# Stored dataset items
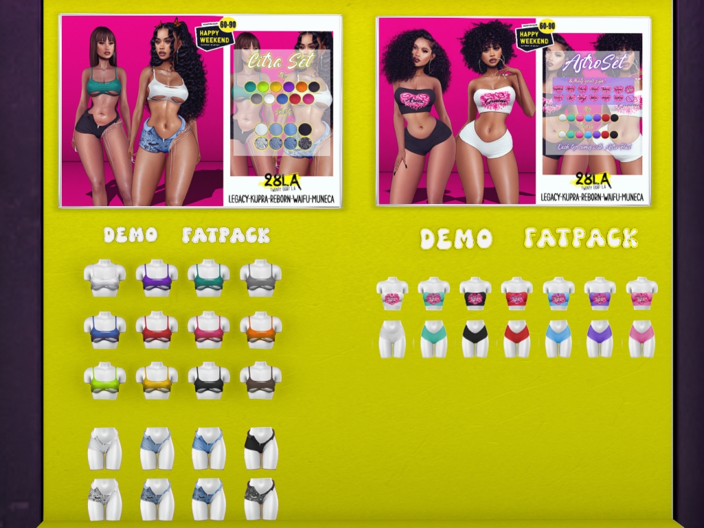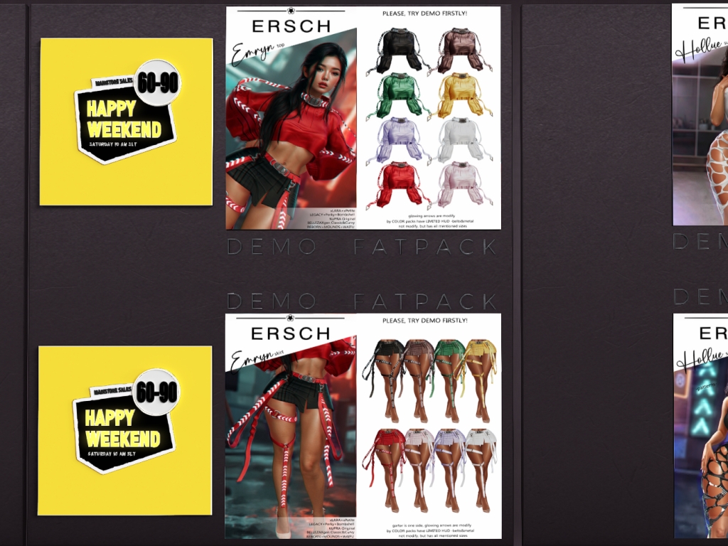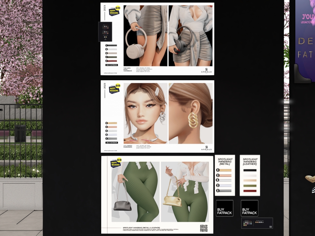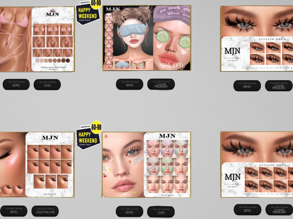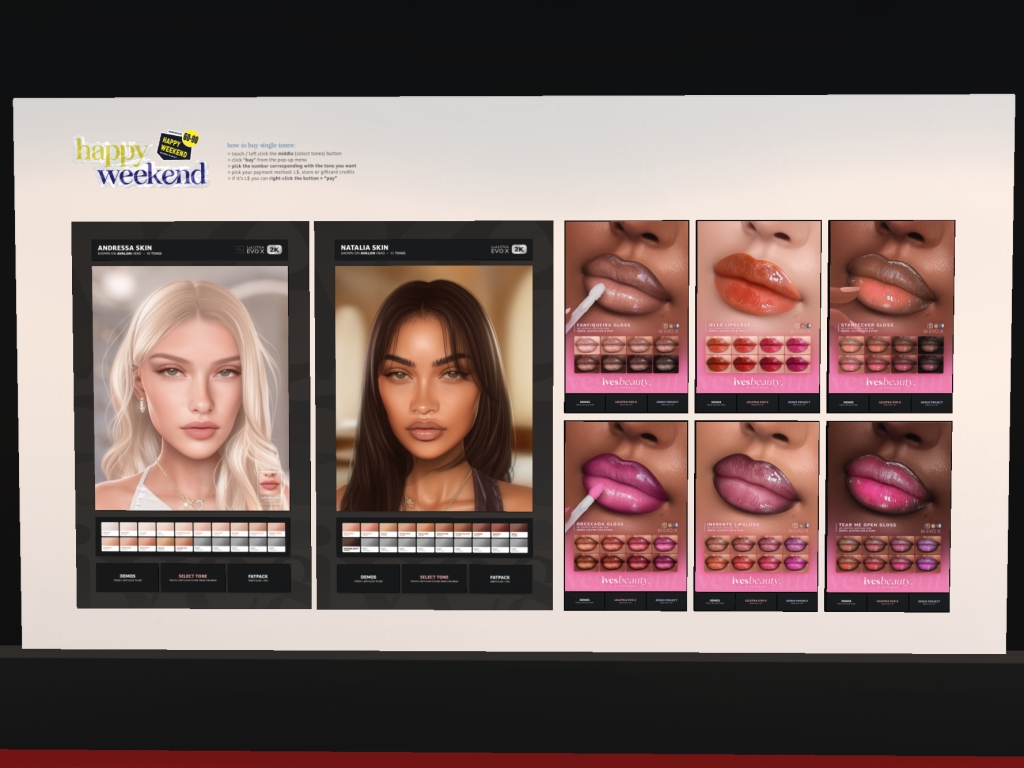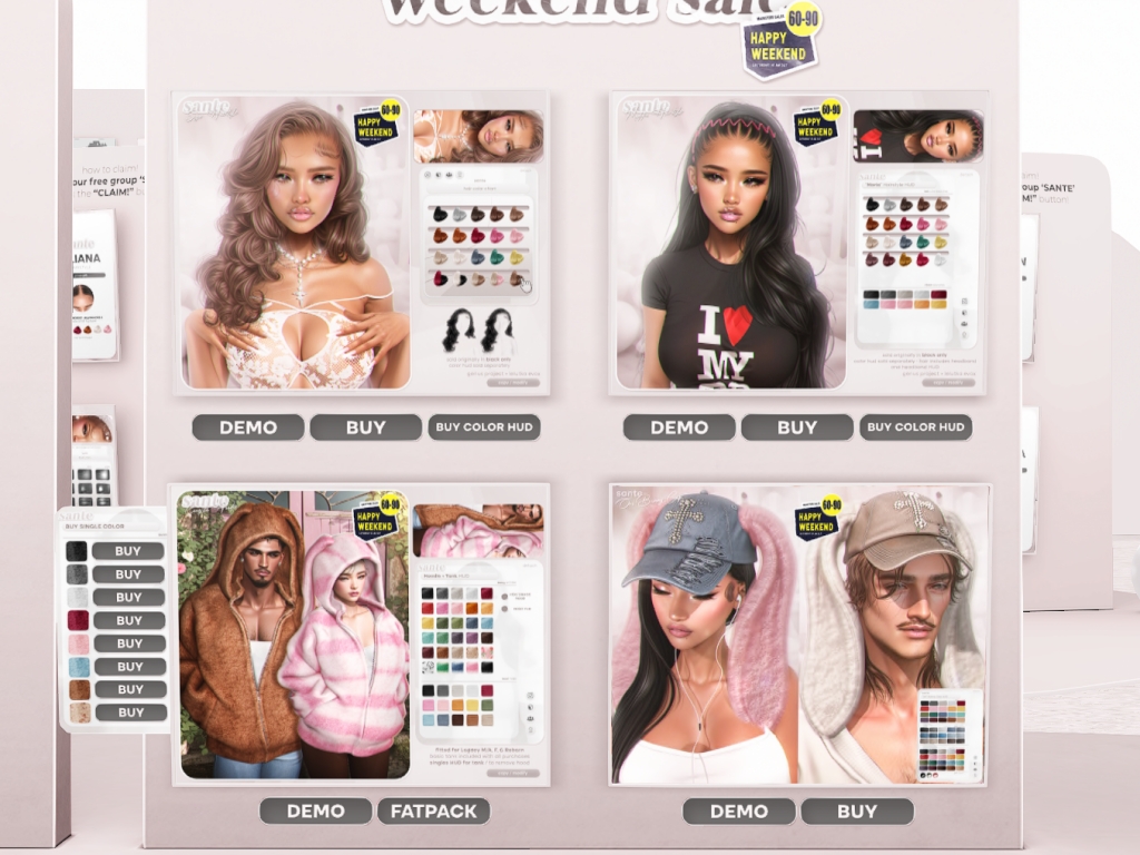Featuring: Accessories, Animations/Poses/Props, Appliers/Cosmetics/Nails, Avatar Components, Builds, Clothing, Footwear, Hairs, Home and Garden, Shapes, Skins, Tattoos, Vehicles
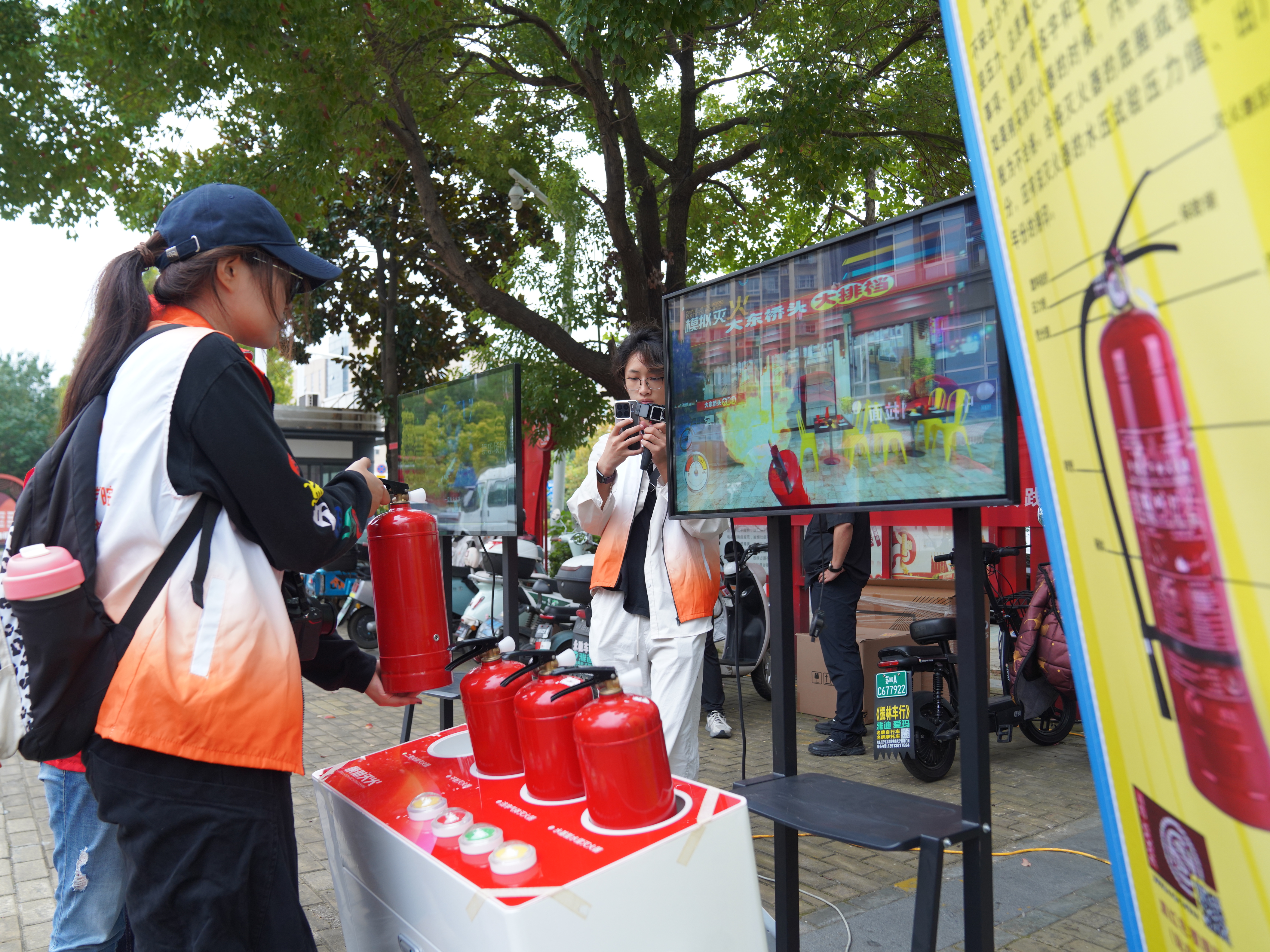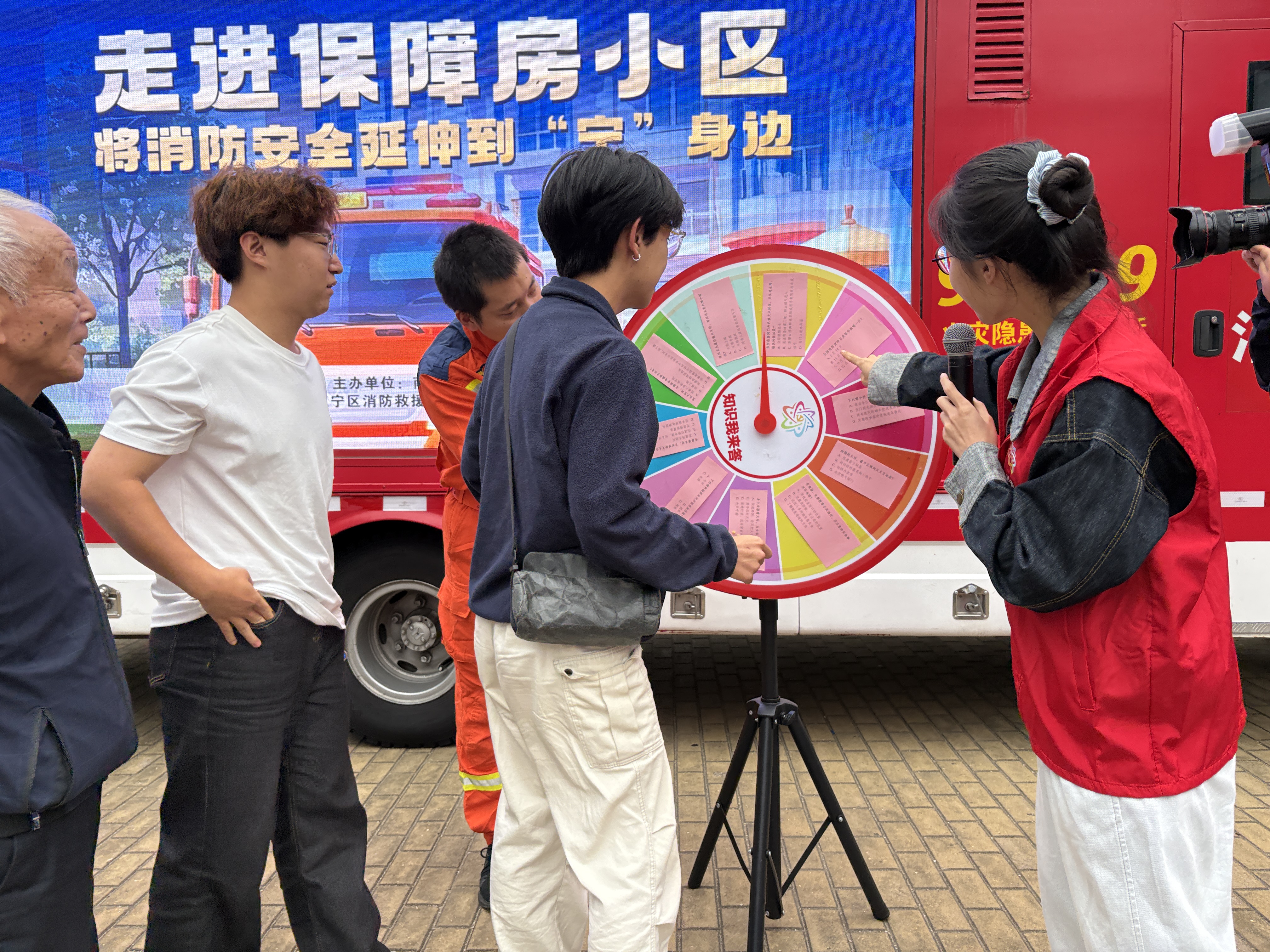 “现场互动区”早已聚集了不少前来参与的居民。江宁区消防救援大队的宣传讲师将停在广场上的消防宣传车作为 “移动课堂”,用通俗易懂的语言、真实的火灾案例,向居民们细致讲解了家庭火灾预防、电器安全使用、初期火灾扑救等核心知识,尤其针对保障房小区人口密度大、老年人占比高的特点,重点强调了厨房用火安全与独居老人居家防火注意事项,还介绍了灭火毯、灭火器等常见消防器材的使用方法,生动的讲解让在场居民频频点头。“下列哪种物质火灾不能用水扑救?”“发生火灾时,正确的安全疏散方向是?”随后,东山街道新时代文明实践所的志愿者通过知识大转盘互动,在寓教于乐中帮助居民掌握实用的消防技能。
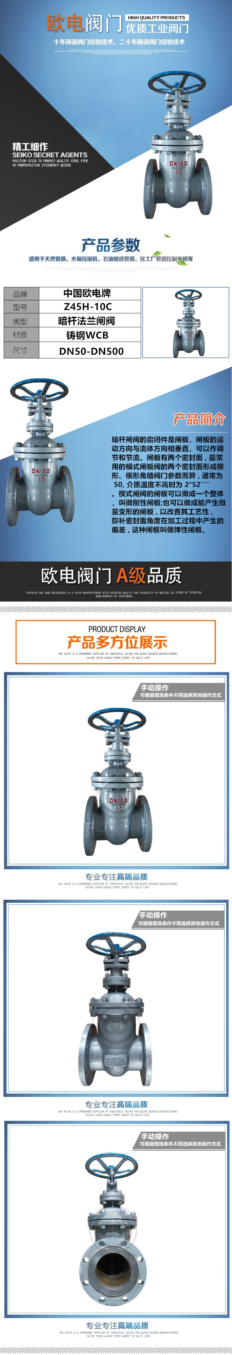 暗杆闸阀的启闭件是闸板,闸板的运动方向与流体方向相垂直,闸阀只能作全开和全关 , 不能作调节和节流。闸板有两个密封面 , zui常用的模式闸板阀的两个密封面形成楔形、楔形角随阀门参数而异 , 通常为 50, 介质温度不高时为 2°52'''' 。楔式闸阀的闸板可以做成一个整体,叫做刚性闸板;也可以做成能产生微量变形的闸板 , 以改善其工艺性 , 弥补密封面角度在加工过程中产生的偏差 , 这种闸板叫做弹性闸板。
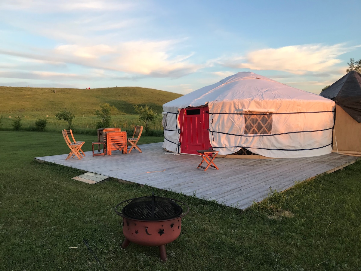 Experience a unique romantic glamping getaway in Water Valley, Alberta. Less than a one-hour drive from Calgary, our charming tent sits on a scenic 40-acre property with a tranquil lake. Inside, you'll find a cozy heated king-size bed for ultimate comfort. Enjoy outdoor cooking with the BBQ, and gather around the fire table under the starry sky. Immerse yourself in nature, unwind, and create unforgettable memories at our picturesque glamping site. Book your romantic getaway today!
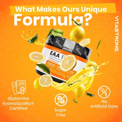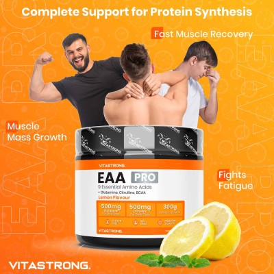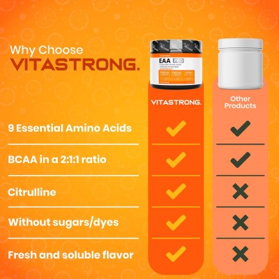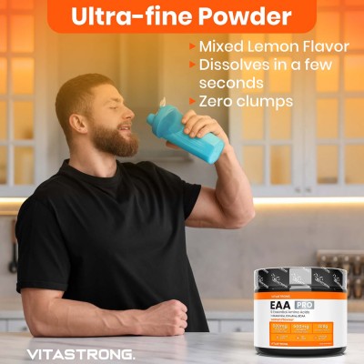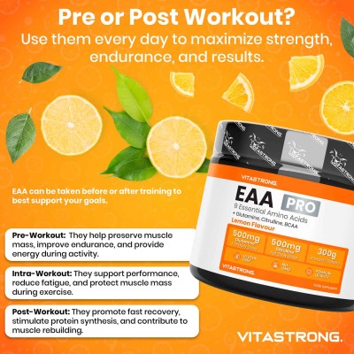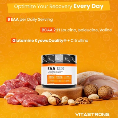 Vitastrong EAA Pro is een geavanceerd supplement met essentiële aminozuren met de smaak van citroen, perzik of rood fruit, dat speciaal is samengesteld om te voldoen aan de eiwit-/stikstofbehoefte, met als gevolg een beter herstel van de spieren, groei en fysieke prestaties. Essentiële aminozuren (EAA's) zijn fundamentele bestanddelen van eiwitten en ons lichaam kan ze niet zelf aanmaken. Het is daarom essentieel dat we ze via onze voeding of via supplementen binnenkrijgen.

# YOUR GOAL
Stop after the line containing "暗杆闸阀的启闭件是闸板,闸板的运动方向与流体方向相垂直,闸阀只能作全开和全关 , 不能作调节和节流。闸板有两个密封面": copy the records exactly from the first line up to there, leaving pictures out.

# FINISHED TASK
Featuring: Accessories, Animations/Poses/Props, Appliers/Cosmetics/Nails, Avatar Components, Builds, Clothing, Footwear, Hairs, Home and Garden, Shapes, Skins, Tattoos, Vehicles
 “现场互动区”早已聚集了不少前来参与的居民。江宁区消防救援大队的宣传讲师将停在广场上的消防宣传车作为 “移动课堂”,用通俗易懂的语言、真实的火灾案例,向居民们细致讲解了家庭火灾预防、电器安全使用、初期火灾扑救等核心知识,尤其针对保障房小区人口密度大、老年人占比高的特点,重点强调了厨房用火安全与独居老人居家防火注意事项,还介绍了灭火毯、灭火器等常见消防器材的使用方法,生动的讲解让在场居民频频点头。“下列哪种物质火灾不能用水扑救?”“发生火灾时,正确的安全疏散方向是?”随后,东山街道新时代文明实践所的志愿者通过知识大转盘互动,在寓教于乐中帮助居民掌握实用的消防技能。
 暗杆闸阀的启闭件是闸板,闸板的运动方向与流体方向相垂直,闸阀只能作全开和全关 , 不能作调节和节流。闸板有两个密封面 , zui常用的模式闸板阀的两个密封面形成楔形、楔形角随阀门参数而异 , 通常为 50, 介质温度不高时为 2°52'''' 。楔式闸阀的闸板可以做成一个整体,叫做刚性闸板;也可以做成能产生微量变形的闸板 , 以改善其工艺性 , 弥补密封面角度在加工过程中产生的偏差 , 这种闸板叫做弹性闸板。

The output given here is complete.